- Born: August 31, 1982 (age 44)
- Known for: Film

= Jordan Wayne Long =

American filmmaker and performer (born 1982)

Jordan Wayne Long (born 1982) is an American filmmaker, performance artist, and co-creator of the production company HCT.Media.

==Film==
In 2018, Long produced and co-directed a feature film titled Squirrel with Matt Glass. That same year, Long also second-unit directed Karen Gillan's feature directorial debut The Party's Just Beginning, which debuted at the Glasgow Film Festival and was eventually released by The Orchard in Late 2018.

In 2020, Long along with his business partner Matt Glass, wife Tara Perry, David Arquette, and Christina Arquette produced Brea Grant's second feature film 12 Hour Shift which was set to debut at the Tribeca Film Festival before it was cancelled due to the COVID pandemic. The film was picked up by Magnolia Pictures to be released under their Magnet Releasing arm on October 2, 2020.

Long and Matt Glass began production on their second film as directors Ghosts of the Ozarks, which Long also wrote with Perry. The film features Tim Blake Nelson, Angela Bettis, David Arquette, Thomas Hobson and Tara Perry.

The film was able to complete production even as many other productions were shut down during COVID-19.

==Documentaries==

Half Cut Tea, a documentary web series he co-created with Matt Glass premiered online in early 2013. Its three seasons consists of 20 episodes highlighting artists from across the country.
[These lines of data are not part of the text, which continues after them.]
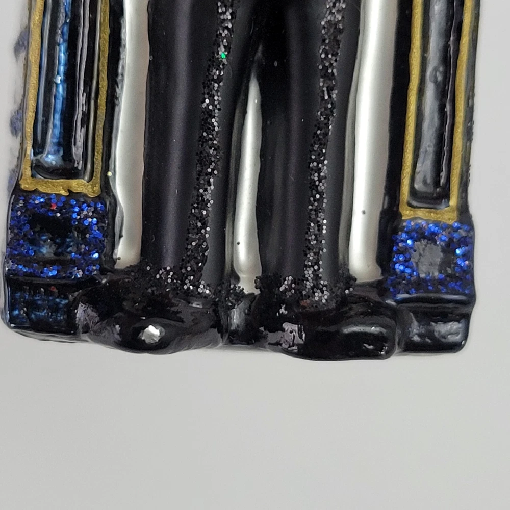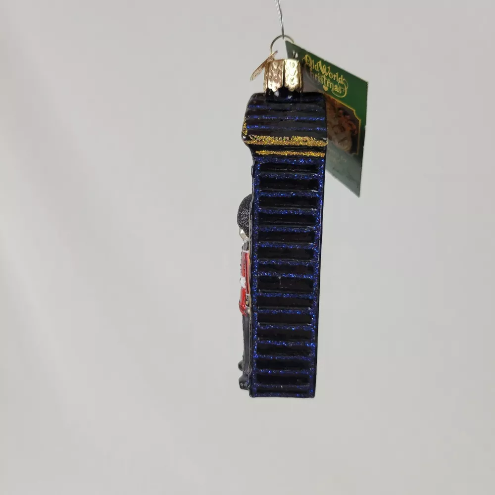 This Ornament measures 4.25" tall, 1.5" wide, and 1" deep. It has the tags, but there are a few tiny spots where the silver is showing through. See pictures for details.
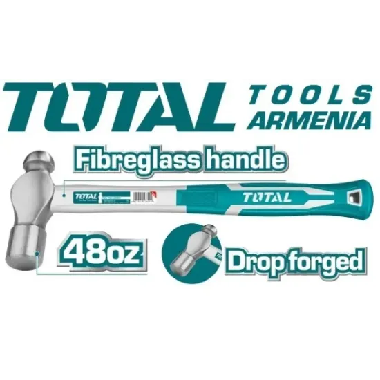 Գնդիկավոր մուրճ 1300գ TOTAL THT74486- ը հարվածային գործիք է, որն օգտագործվում է ատաղձագործական արհեստանոցներում և տնային պայմաններում աշխատելու համար : Այն ամուր է, քանի որ գլուխը պատրաստված է կարծրացված պողպատից : Ապակեթելքը օգտագործվում է որպես բռնակի նյութ,որը նպաստելով հարմարավետ բռնելուն՝ կանխում է ձեռքից սայթաքումը , մեղմացնելով հարվածները :
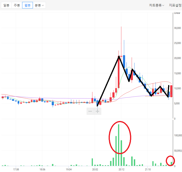 ㄴ) 월봉 차트에서 2020년 백신 유통에 콜드체인이 필요하다는 모멘텀으로 대세 상승하였으나 주가는 다시 원위치로 복귀하였다. 지금의 주가는 다시 상승 중이다.

In 2015, Long and Matt Glass started the production company HCT.media. Their clients have included The Jim Henson Company and KCET.

In 2017, Long won an Emmy Award for producing the documentary Fallujah: Art, Healing and PTSD for KCET.

== Performance Art ==
Jordan Wayne Long began his performance work in 2010 with Drag Piece while receiving his master's degree from Cranbrook Academy of Art.

Since then, he's traveled worldwide performing to London, England, New York City, The Netherlands and Arkansas.

In 2011, he received media attention for "Box Shipment #2" in which Long shipped himself across the country in a box. His only contact with the outside world was through the online multiplayer game Lord of the Rings Online. His reasoning for this project, as explained by Yahoo News was:

... to better understand post-traumatic stress disorder (PTSD). Many individuals who experience traumatic events fall victim to PTSD, a debilitating anxiety disorder that leads some to retreat to virtual worlds for comfort.
Long's Journey began in Bald Knob, Arkansas and ended in Portland, Oregon where he earned a Guinness World Record for shipping himself across the country.